Ryan Tannehill, William Hayes, DeVante Parker, A.J. Derby, even Jerome Baker and Frank Gore missed a few snaps against the Lions.
Is the team really just that cursed?
For what it's worth, the team not only used the next man up mentality to discuss that players needed to step up, but also to say that there were truly no excuses for the performance they put out at home against a team that actually improved to 3-3 with the win on Sunday.
"They were just taking the plays we were giving them," said Dolphins cornerback Bobby McCain, who himself just returned from injury. "A veteran quarterback like that (Stafford), they're gonna take what you give them. If you give them 2nd and 5, they'll take it, you give them 3rd and 1, they'll take it. At the end of the day, we know we gotta play better in the back end and up front. As a defense we gotta play better, as a team we gotta play better, we didn't do enough."
Miami's defense, which had been viewed as the strength of the team for the past few weeks, gave up a total of 248 rushing yards to the Lions, with rookie phenom Kerryon Johnson accounting for 158 of those yards.

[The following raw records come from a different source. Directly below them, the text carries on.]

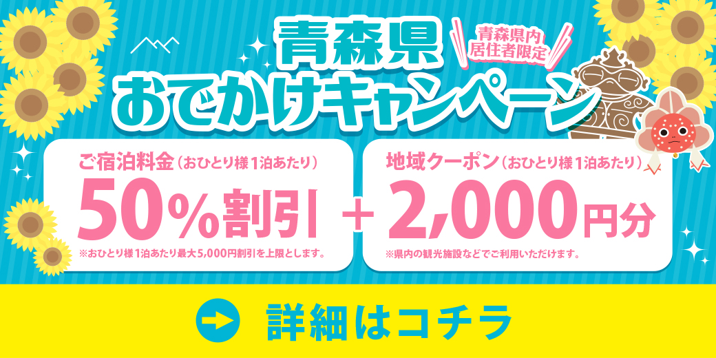 青森県民に限り、宿泊代金を表示金額より50%割引!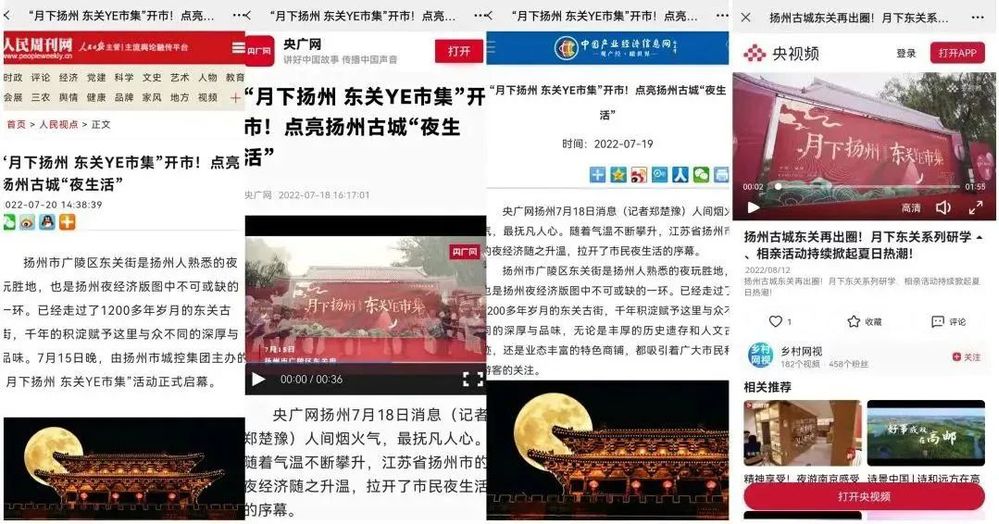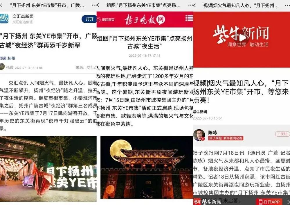 熱鬧集市異彩紛呈,吸引游客紛至沓來,點亮揚州古城夜經(jīng)濟,這也引發(fā)了多家媒體的關注與報道,包括多家國家級媒體、省市級媒體以及揚州本地自媒體。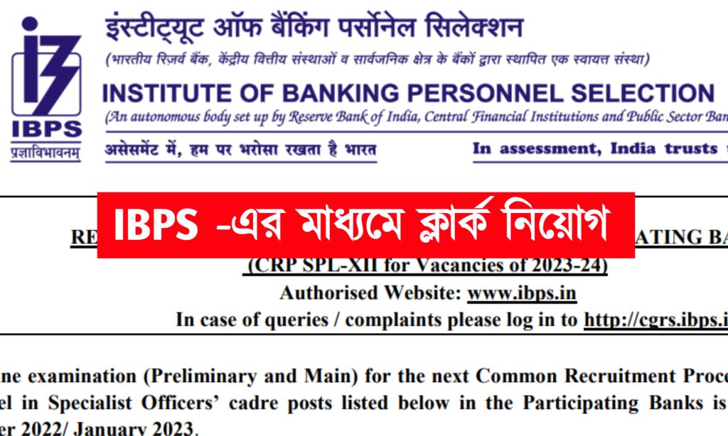 ইনস্টিটিউট অফ ব্যাংকিং পার্সোনাল সিলেকশন (IBPS) -এর তরফে মার্কেটিং অফিসার, Law অফিসার সহ বিভিন্ন পদে নিয়োগের বিজ্ঞপ্তি প্রকাশ করা হয়েছে। যেকোনো ভারতীয় নাগরিক অর্থাৎ পশ্চিমবঙ্গের যেকোনো জেলার প্রার্থীরা আবেদন করতে পারবেন। আবেদন পদ্ধতি শিক্ষাগত যোগ্যতা সহ বিস্তারিত জানতে নিচে রইলো আজকের এই প্রতিবেদন।
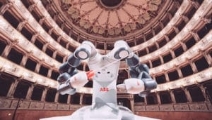 YuMi è un cobot, cioè un robot collaborativo, l’unico sul mercato ad avere due bracci anziché uno solo. Pensato per collaborare con gli operatori umani nelle operazioni di assemblaggio elettronico, ieri è stato “costretto” a dismettere i panni dell’operaio e a vestire quelli del direttore d’orchestra. E così ha diretto il tenore italiano Andrea Bocelli durante un concerto di beneficienza tenuto al Teatro Verdi di Pisa per il Galà del Primo Festival Internazionale della Robotica. Oltre 800 illustri ospiti provenienti da tutto il mondo hanno apprezzato il concerto “A Breath of Hope: dallo Stradivario al Robot”. Le sfumature gestuali di un direttore d’orchestra sono state completamente riprodotte a un livello di precisione impensabile prima d’ora.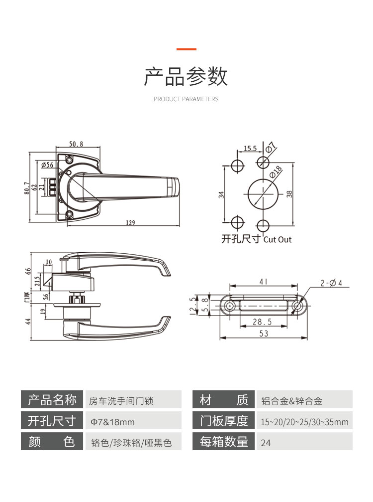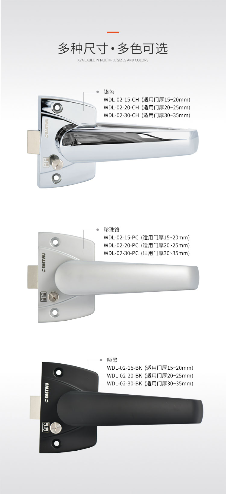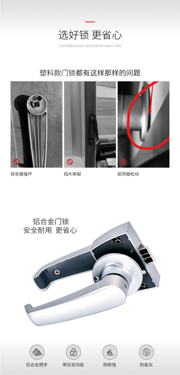 鋁合金&鋅合金洗手間門鎖 顏色可選 分體式方桿可選,長(zhǎng)度不同,適用門厚也不同,開關(guān)輕盈..

The Dolphins offense racked up a grand total of 322 yards.
At some point we have to raise an eyebrow, at some point we have to wonder why players are so prone to getting injured in Miami. Is it strength and conditioning? Is it the heat and humidity? Is it because of the stadium is built on an Indian burial ground?
Either way, the team needs to find a solution and fast, before there's no players left to play. Now the Dolphins will have a short week as they head up to play a hot Houston Texans team that's won four straight games, and they better have some healthy bodies who can carry the workload if they don't want to fall too far behind the season.